Zope web application server -- here now and works well (w/Python)
Zope has a great security model for multiple users developing in
I previously set up a Zope system for the colloquium as an experiment
(not much interest -- however, thanks to those who stopped by). I am
more nervous about scalability of Zope and reliability of the internal
OO database than I am of ACS's use of Oracle. However, you can use Zope
with Oracle, addressing some of this issue.
Zope's creator (DigiCool) is vaguely venture capital supported (I don't
know how much) and will provide consulting services on Zope.
Collaborative Virtual Workspace -- here now (w/Java and TK, MOO,
I have not used this system, but it looks good from the web site.
I don't know how this is funded, I'd assume internal consulting and DOD?
They also have links to other (typically proprietary) systems:
Enhydra -- Java/XML based web application server
I don't know much about this. I don't like Java for various (mostly
esthetic) reasons. I think XML doesn't solve the data storage issue or
versioning issue as much as people might expect -- just the data
transmission issue (if that). Of course, being buzzword compliant, these
people just got a total of $15 million as investments.
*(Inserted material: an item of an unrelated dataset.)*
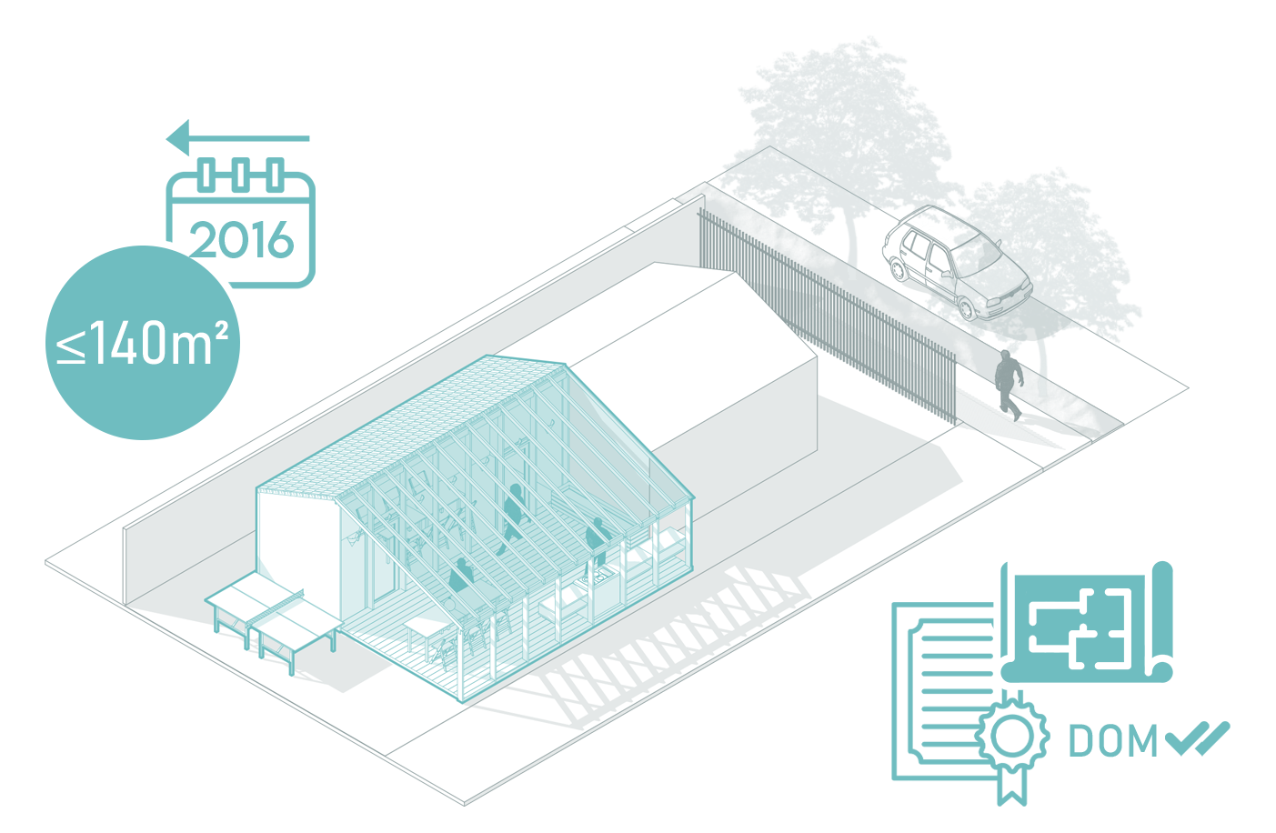 Se regulariza construcciones que se evidencie su existencia antes del Febrero del año 2016 (fecha publicada la ley), avalúo no superior a las 2000UF en la misma fecha y que conste hasta los 140m². Incluye ingreso del proyecto a la Dirección de Obras correspondiente a la municipalidad de la comuna respectiva.
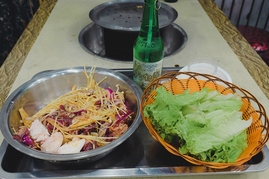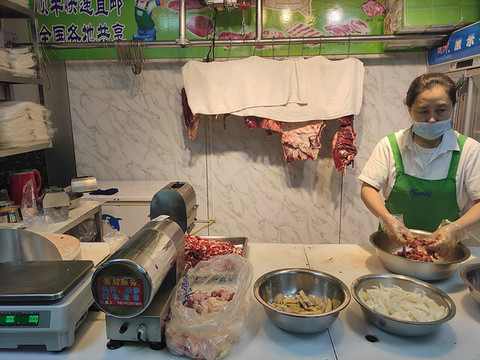 在网上看了很多推荐,几经对比,我们最后选择了马晓马家的烤肉,我发誓这是我吃过最好吃的烤肉了!没有之一!这里吃烤肉和我们平常吃烤肉很不一样,并不是你想吃什么点什么,而需要自己先到隔壁的肉店称好肉,这倒也是货真价实看得见,称好肉以后,店员会在肉里面放入各种调料将肉拌好,之后店员还会赠送几块牛油。这里的肉相对于我们其他地区来说,还是比较便宜的,我们割的牛肉是49块1斤。最后就是挑选蘸料了,可别小看这蘸料,拌肉和蘸料可是决定了齐齐哈尔烤肉的灵魂。支付费用时除了肉钱和蘸料钱还需要另外支付一个烤盘的费用,好像是25元。开烤前一定要用肥肉蹭一圈烤盘,香气四溢,等冒着香气的牛油块化了,我们就可以开烤了。

Midgard -- PHP based web application server
I know nothing about this system, except I don't like PHP's syntax (it's
Squeak -- almost here now i.e. bleeding edge (w/Smalltalk)
Squeak supports Wikis (user editable web pages) and some remote screen
Apple released the original version, since then the key people moved to
Disney who support at least five full-time developers using/improving
This is the system I am at the moment strongly considering for my own
with Zope as a second choice for content that needs to be up today.
Since the others are more obvious choices, here's a little plug for
Squeak. I like Squeak because:
* It is completely cross-platform (mac, linux, solaris, windows,
acorn, wince, psion, etc.) for language and GUI so both the client and
server can be in the same language. This is important to support things
like sharing a screen in real-time.
* It is very malleable.
* The people on the mailing list tend to be technical & knowledgeable.
* I like Smalltalk, and have used it for a long time.
* I have experience with Squeak internals, and like its philosophy of
* Commercial interest is picking up.
* I tend to root for the underdog when they have unrecognized value.
* It's connected to the Smalltalk people of ~30 years ago (Kay,
* I am also considering Squeak to make a cross-platform version of
There are things I don't like about Squeak too (related to stability,
speed, GUI system, event handling, scalability, commercial support,
etc.). Despite such issues, the lure of a "free" cross-platform
Smalltalk (my favorite language/environment) is strong (for me). It
would take some investment of time to improve Squeak in these
directions, however the community (if not especially Disney) has
expressed an interest in doing so. There are already a few companies
using Squeak commercially for one thing or another (web applications
especially), and more such use seems to be in the works.
By the way, I much agree with Eric's (and others) sentiments in another
thread that DKR/collaborative technology needs to spread from the bottom
up on its merits,
and that will change organizations mostly for the better. While I do
agree with Doug's vision of a coevolution of tool, user and goals, I
think building a really good tool will help drive that more than trying
to more directly change goals or culture. (Of course, this is coming
from a toolmaker's son. :-)
However, as you can see from this list of web application servers (with
some existing community applications for them), such tool creation is
already is happening, although perhaps not with as much focus on
advanced OHS/DKR aspects the Bootstrap Institute
http://www.bootstrap.org has detailed as one might like.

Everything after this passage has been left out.